§ **WORK INSTRUCTIONS**: Starting at the line that contains "- Особенности конструкции: для" and stopping after the line that contains "その他、1階の中庭には天然温", transcribe the listing below exactly; do not include any pictures.

[[ DATA SUPPLIED, beginning ]]

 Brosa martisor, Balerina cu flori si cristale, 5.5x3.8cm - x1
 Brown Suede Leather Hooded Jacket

[[ DATA SUPPLIED, end ]]
[[ DATA SUPPLIED, beginning ]]

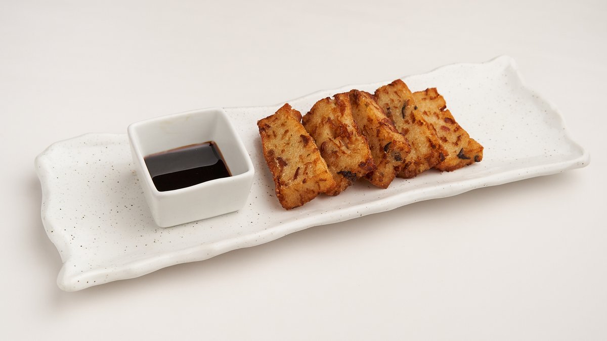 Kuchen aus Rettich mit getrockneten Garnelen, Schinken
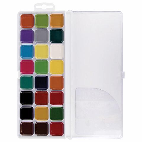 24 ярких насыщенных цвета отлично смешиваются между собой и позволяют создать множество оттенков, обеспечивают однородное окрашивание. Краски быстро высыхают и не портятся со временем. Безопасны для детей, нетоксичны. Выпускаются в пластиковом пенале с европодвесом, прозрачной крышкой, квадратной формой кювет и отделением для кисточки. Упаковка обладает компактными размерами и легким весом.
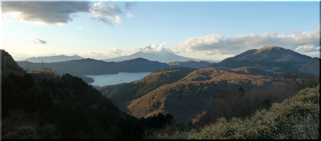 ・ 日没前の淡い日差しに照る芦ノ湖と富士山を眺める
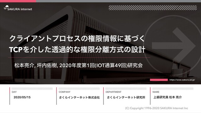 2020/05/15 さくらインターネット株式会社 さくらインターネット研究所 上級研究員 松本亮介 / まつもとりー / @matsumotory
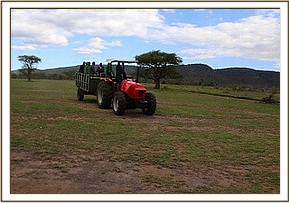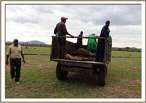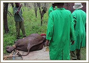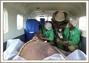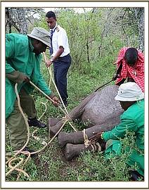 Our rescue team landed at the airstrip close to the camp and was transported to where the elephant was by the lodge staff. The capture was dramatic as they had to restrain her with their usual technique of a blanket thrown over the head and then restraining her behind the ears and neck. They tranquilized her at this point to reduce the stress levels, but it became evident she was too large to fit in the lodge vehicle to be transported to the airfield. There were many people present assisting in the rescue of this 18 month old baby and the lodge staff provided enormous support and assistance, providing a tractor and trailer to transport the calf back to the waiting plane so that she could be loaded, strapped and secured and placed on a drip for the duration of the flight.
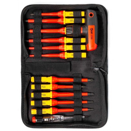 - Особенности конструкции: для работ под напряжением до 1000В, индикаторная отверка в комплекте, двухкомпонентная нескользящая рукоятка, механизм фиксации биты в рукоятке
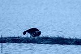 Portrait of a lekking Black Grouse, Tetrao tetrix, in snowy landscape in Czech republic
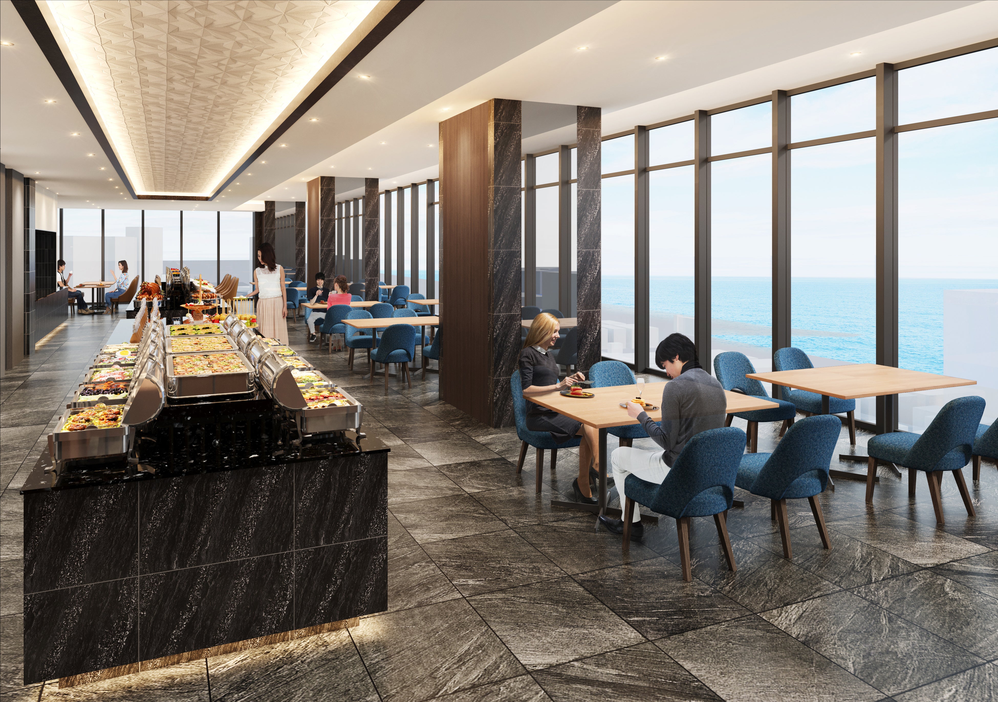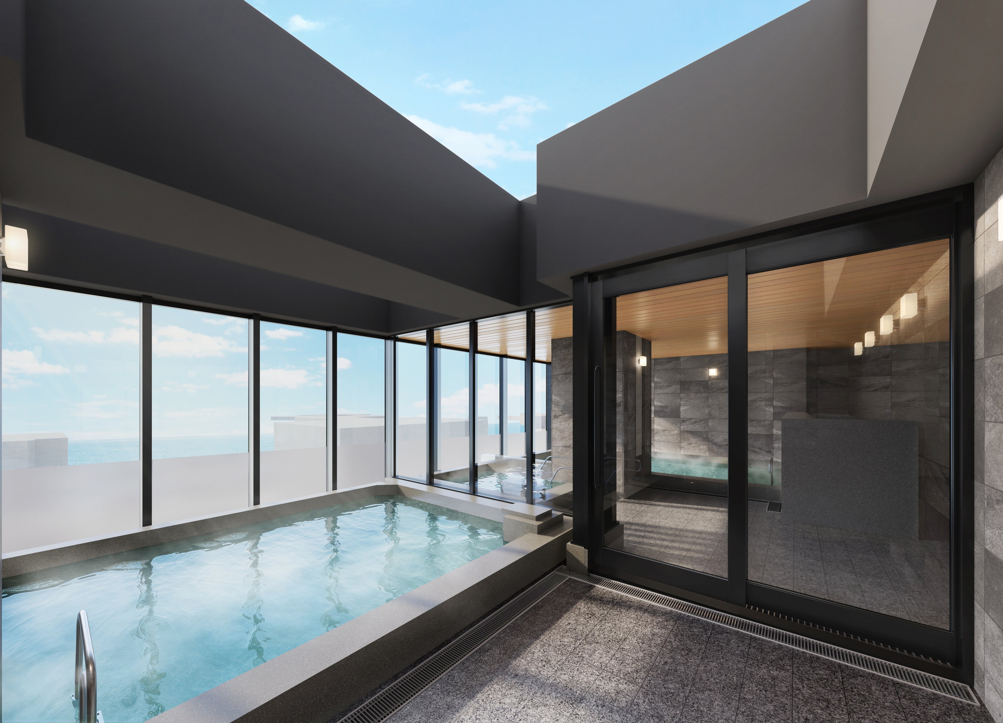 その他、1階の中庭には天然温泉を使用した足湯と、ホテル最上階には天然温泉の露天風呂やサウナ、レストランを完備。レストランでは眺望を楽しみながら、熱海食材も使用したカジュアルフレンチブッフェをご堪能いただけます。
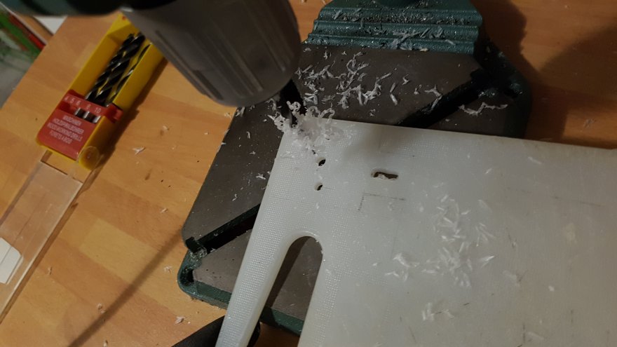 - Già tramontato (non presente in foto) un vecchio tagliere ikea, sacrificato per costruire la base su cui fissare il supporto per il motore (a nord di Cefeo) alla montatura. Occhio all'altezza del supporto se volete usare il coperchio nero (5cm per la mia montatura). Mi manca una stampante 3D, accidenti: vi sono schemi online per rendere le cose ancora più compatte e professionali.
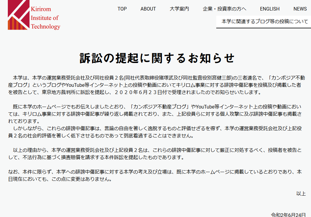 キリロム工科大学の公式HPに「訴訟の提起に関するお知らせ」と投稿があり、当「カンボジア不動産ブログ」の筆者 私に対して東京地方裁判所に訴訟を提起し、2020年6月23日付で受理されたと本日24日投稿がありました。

[[ DATA SUPPLIED, end ]]

§ **EXERCISE RESPONSE**:
 - Особенности конструкции: для работ под напряжением до 1000В, индикаторная отверка в комплекте, двухкомпонентная нескользящая рукоятка, механизм фиксации биты в рукоятке
 Portrait of a lekking Black Grouse, Tetrao tetrix, in snowy landscape in Czech republic
 その他、1階の中庭には天然温泉を使用した足湯と、ホテル最上階には天然温泉の露天風呂やサウナ、レストランを完備。レストランでは眺望を楽しみながら、熱海食材も使用したカジュアルフレンチブッフェをご堪能いただけます。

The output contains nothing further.